§ **Exercise directions**
Please repeat the records exactly, keeping the pictures out.

+++ Task input

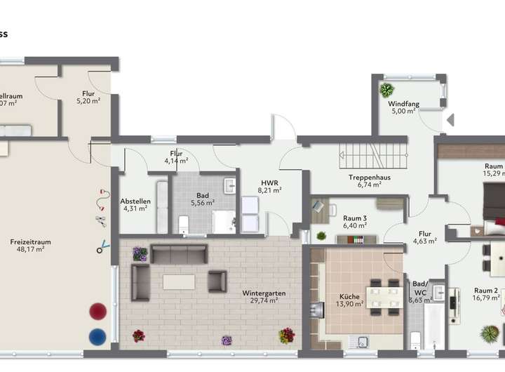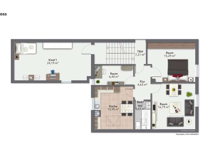 Die Grundrisse sind ggf. nicht maßstabsgerecht. Bei evtl. Einrichtungsgegenständen handelt es sich um Möbelierungsbeispiele. Es ist möglich, dass infolge von vorgenommenen Umbauten die Grundrisse nicht in vollem Umfang den tatsächlichen Gegebenheiten entsprechen.
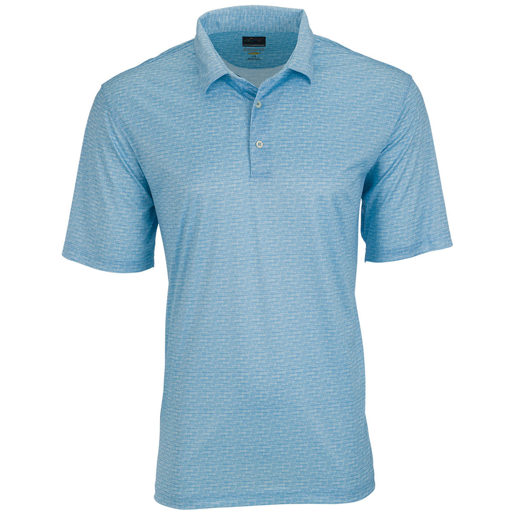 Design a custom logo for the Greg Norman Men's Misty Blue Microlux Cart Print Polo. Made with Play Dry performance and a UPF 50+, this three-button placket polo with a tonal print will turn heads whether used as a unique uniform, corporate wear, or to show off at the driving range. Place an order right away.Highlights
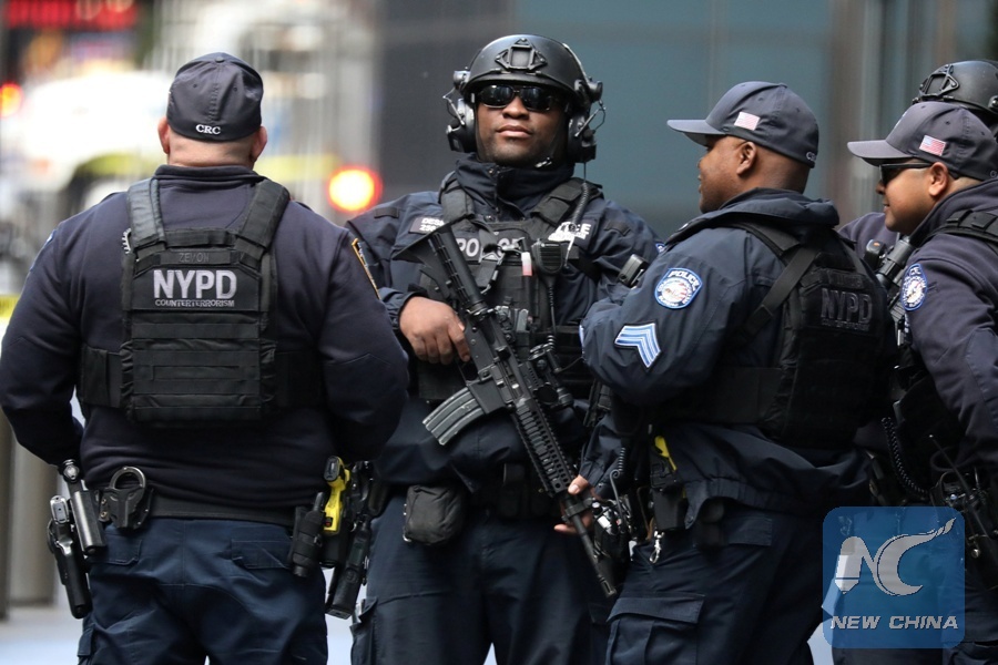 Members of the New York Police Department Counter Terrorism Squad are pictured outside the Time Warner Center in the Manhattan borough of New York City after a suspicious package was found inside the CNN Headquarters in New York, the United States, Oct. 24, 2018. (REUTERS Photo)
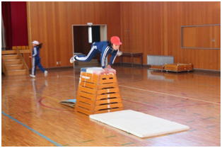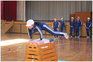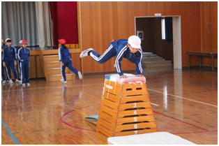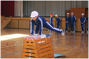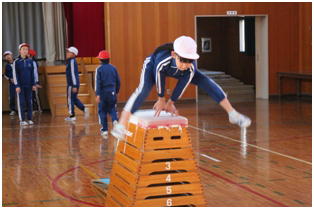 4年生の授業は、体育で跳び箱の授業でした。みんな颯爽と跳んでいました。
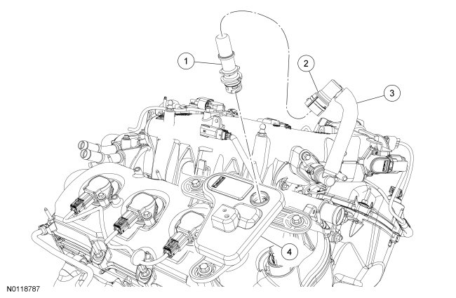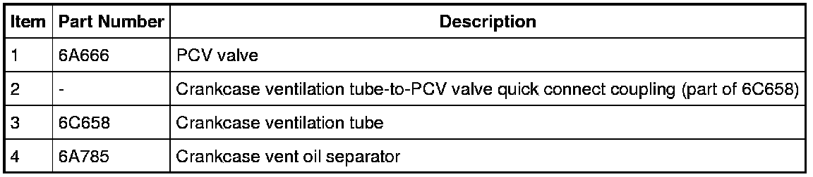 1. Disconnect the crankcase ventilation tube-to-PCV valve quick connect coupling. For additional information, refer to Fuel System - General Information Service and Repair.
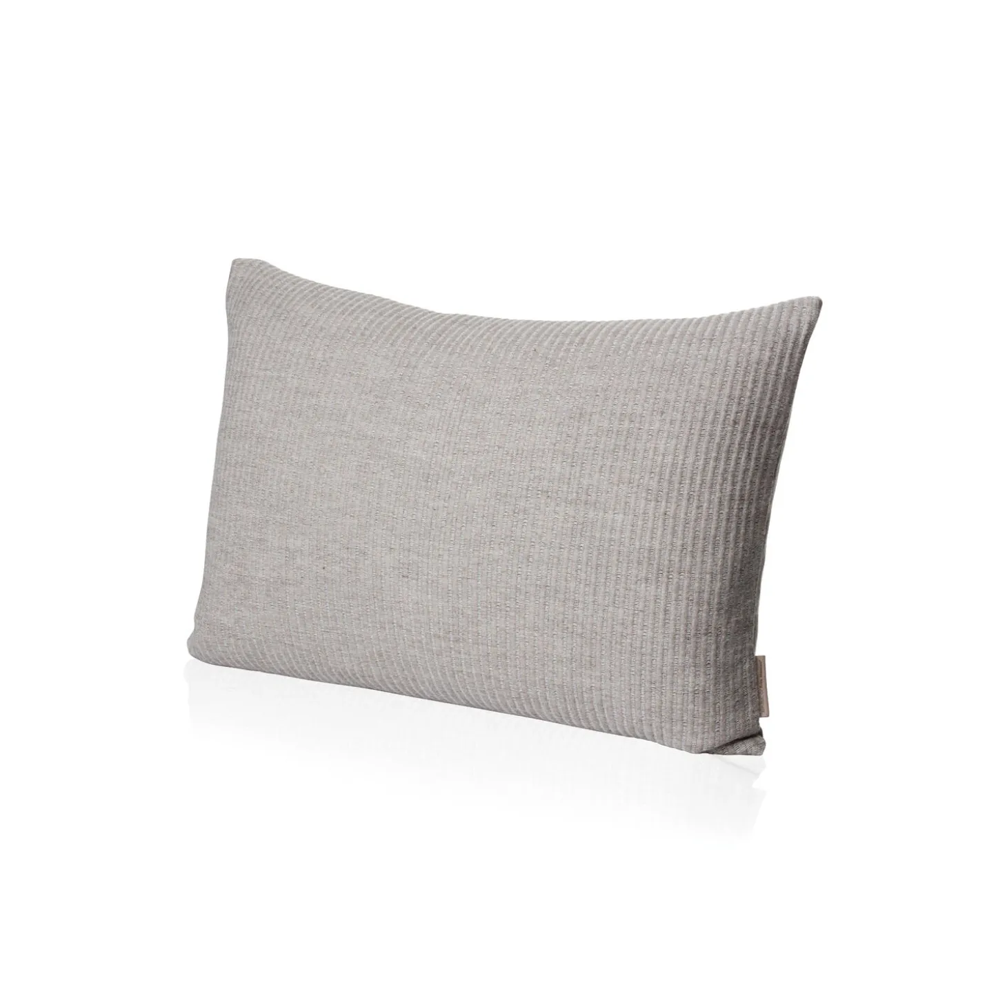 Aiayu pude med forside i vævet boliviansk uld og bagside i hør fra Fritz Hansen. Inderpude med fyld af andefjer/dun. Farve: oat. Mål: 40×60 cm. Design: Aiayu.
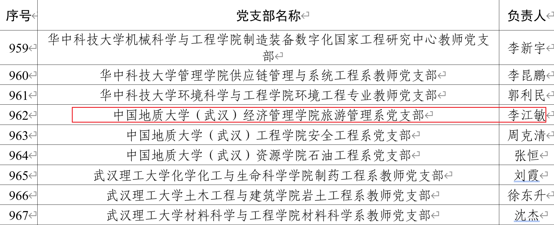 日前,教育部办公厅公布《关于全国高校“双带头人”教师党支部书记“强国行”专项行动团队名单的公示》,beat365官网旅游管理系党支部书记李江敏作为团队负责人入选。
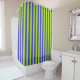 Vertical Lime Green and Blue Stripes Shower Curtain
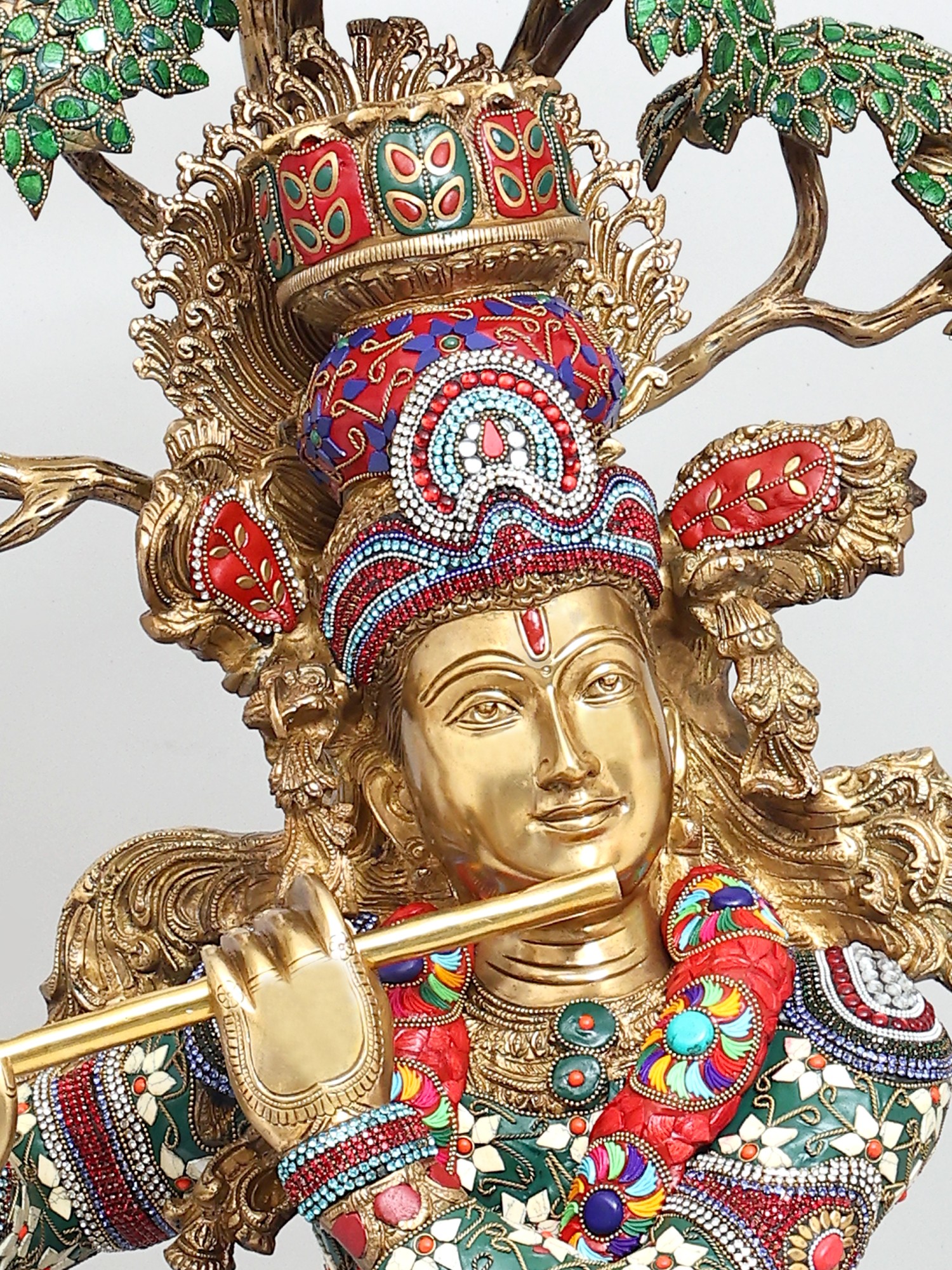 34" Large Size Krishna in ‘Tri-bhang’ Aspect | Handmade Brass Statue
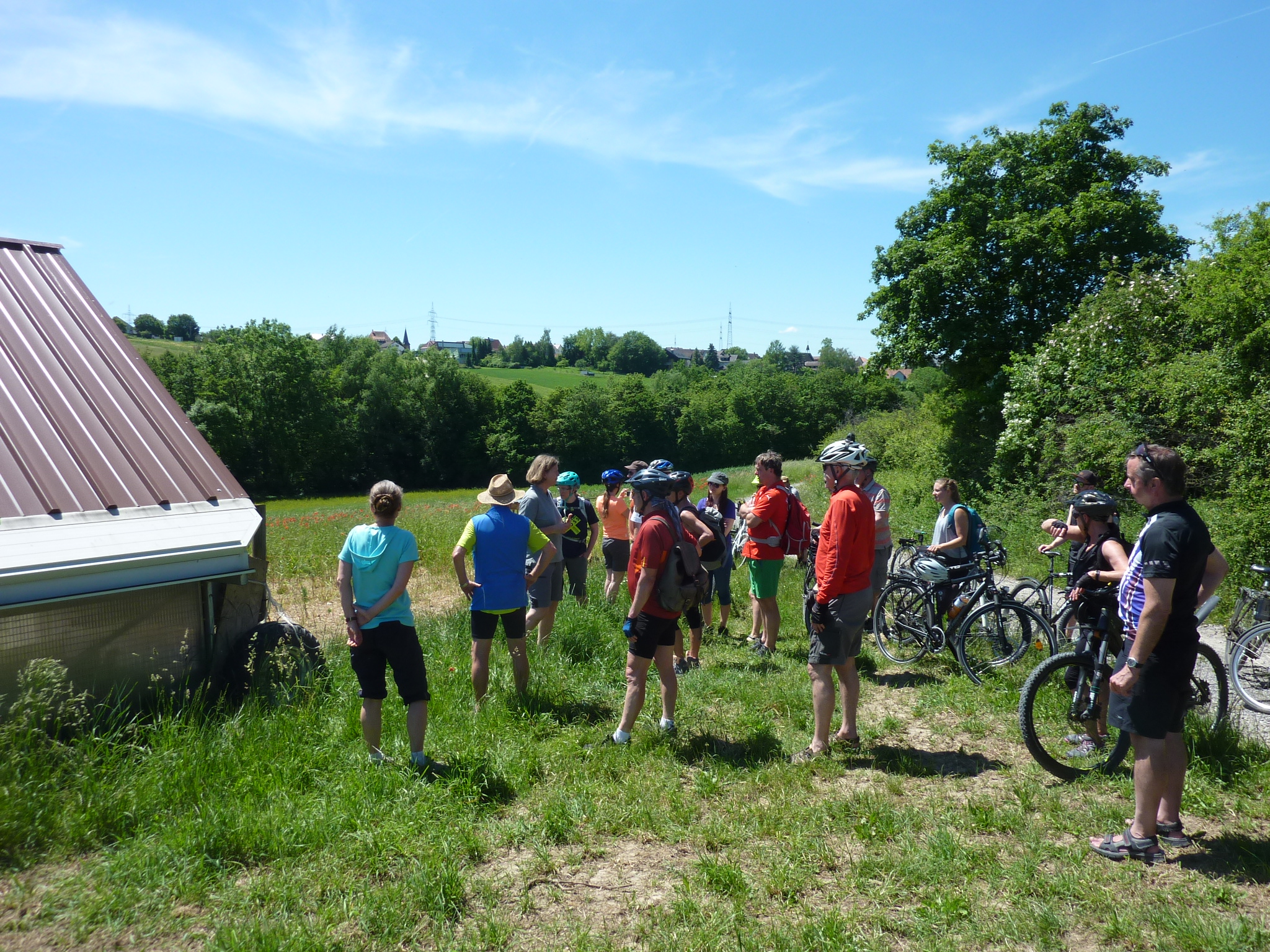 Die 20 Radfahrer nutzten die Chance, bei sonnigem und heißem Wetter zu drei ausgewählten Bio-Höfen zu radeln. Die Route führte von Pforzheim ausgehend über Ölbronn-Dürrn, Neulingen über Eisingen wieder zurück nach Pforzheim. Auf den Betrieben (der Bioland-Schäferei Golderer mit Bauernhof-Kindergarten, Schafen und Hofladen, dem Bioland-Hof Wilhelm mit Besenwirtschaft, Milchvieh, mobilen Hühnerställen und Futtererzeugung und der Demeter-Gärtnerei Auenhof mit Gemüsebau und Solidarischer Landwirtschaft) wurden die Radler eingeführt in die ökologische Wirtschaftsweise und konnten zudem die bio-regionalen Produkte vor Ort genießen.
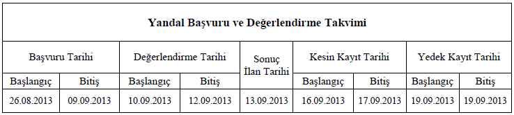 Başvurular, “2013-2014 Eğitim-Öğretim Yılı Güz Yarıyılı Yandal Başvuru Formu” doldurularak, istenen belgelerle birlikte Üniversitemiz Öğrenci İşleri Daire Başkanlığına yukarıda belirtilen tarihlerde yapılacaktır.
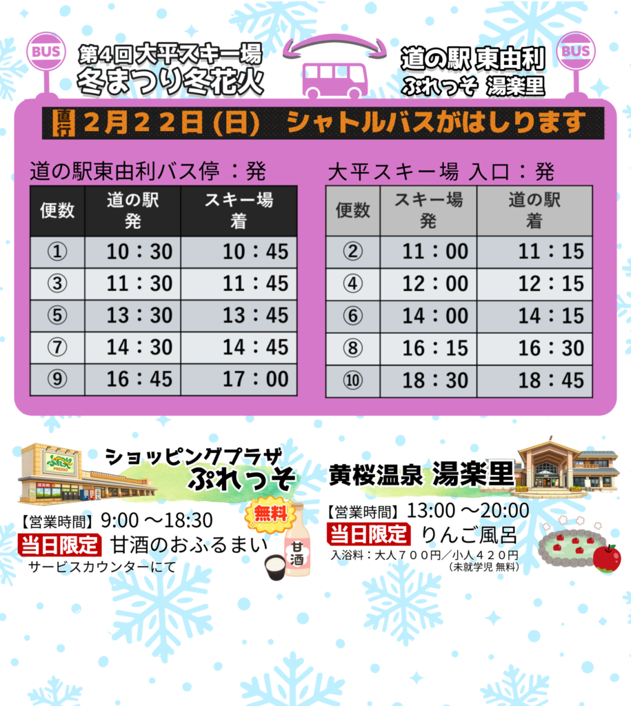 | 9:00 | スキー場営業開始 | リフト券(大人800円中学生以下500円)購入で スキー・スノーボード・ウェア レンタル無料! |

++++++

§ **Answer space**
 Die Grundrisse sind ggf. nicht maßstabsgerecht. Bei evtl. Einrichtungsgegenständen handelt es sich um Möbelierungsbeispiele. Es ist möglich, dass infolge von vorgenommenen Umbauten die Grundrisse nicht in vollem Umfang den tatsächlichen Gegebenheiten entsprechen.
 Design a custom logo for the Greg Norman Men's Misty Blue Microlux Cart Print Polo. Made with Play Dry performance and a UPF 50+, this three-button placket polo with a tonal print will turn heads whether used as a unique uniform, corporate wear, or to show off at the driving range. Place an order right away.Highlights
 Members of the New York Police Department Counter Terrorism Squad are pictured outside the Time Warner Center in the Manhattan borough of New York City after a suspicious package was found inside the CNN Headquarters in New York, the United States, Oct. 24, 2018. (REUTERS Photo)
 4年生の授業は、体育で跳び箱の授業でした。みんな颯爽と跳んでいました。
 1. Disconnect the crankcase ventilation tube-to-PCV valve quick connect coupling. For additional information, refer to Fuel System - General Information Service and Repair.
 Aiayu pude med forside i vævet boliviansk uld og bagside i hør fra Fritz Hansen. Inderpude med fyld af andefjer/dun. Farve: oat. Mål: 40×60 cm. Design: Aiayu.
 日前,教育部办公厅公布《关于全国高校“双带头人”教师党支部书记“强国行”专项行动团队名单的公示》,beat365官网旅游管理系党支部书记李江敏作为团队负责人入选。
 Vertical Lime Green and Blue Stripes Shower Curtain
 34" Large Size Krishna in ‘Tri-bhang’ Aspect | Handmade Brass Statue
 Die 20 Radfahrer nutzten die Chance, bei sonnigem und heißem Wetter zu drei ausgewählten Bio-Höfen zu radeln. Die Route führte von Pforzheim ausgehend über Ölbronn-Dürrn, Neulingen über Eisingen wieder zurück nach Pforzheim. Auf den Betrieben (der Bioland-Schäferei Golderer mit Bauernhof-Kindergarten, Schafen und Hofladen, dem Bioland-Hof Wilhelm mit Besenwirtschaft, Milchvieh, mobilen Hühnerställen und Futtererzeugung und der Demeter-Gärtnerei Auenhof mit Gemüsebau und Solidarischer Landwirtschaft) wurden die Radler eingeführt in die ökologische Wirtschaftsweise und konnten zudem die bio-regionalen Produkte vor Ort genießen.
 Başvurular, “2013-2014 Eğitim-Öğretim Yılı Güz Yarıyılı Yandal Başvuru Formu” doldurularak, istenen belgelerle birlikte Üniversitemiz Öğrenci İşleri Daire Başkanlığına yukarıda belirtilen tarihlerde yapılacaktır.
 | 9:00 | スキー場営業開始 | リフト券(大人800円中学生以下500円)購入で スキー・スノーボード・ウェア レンタル無料! |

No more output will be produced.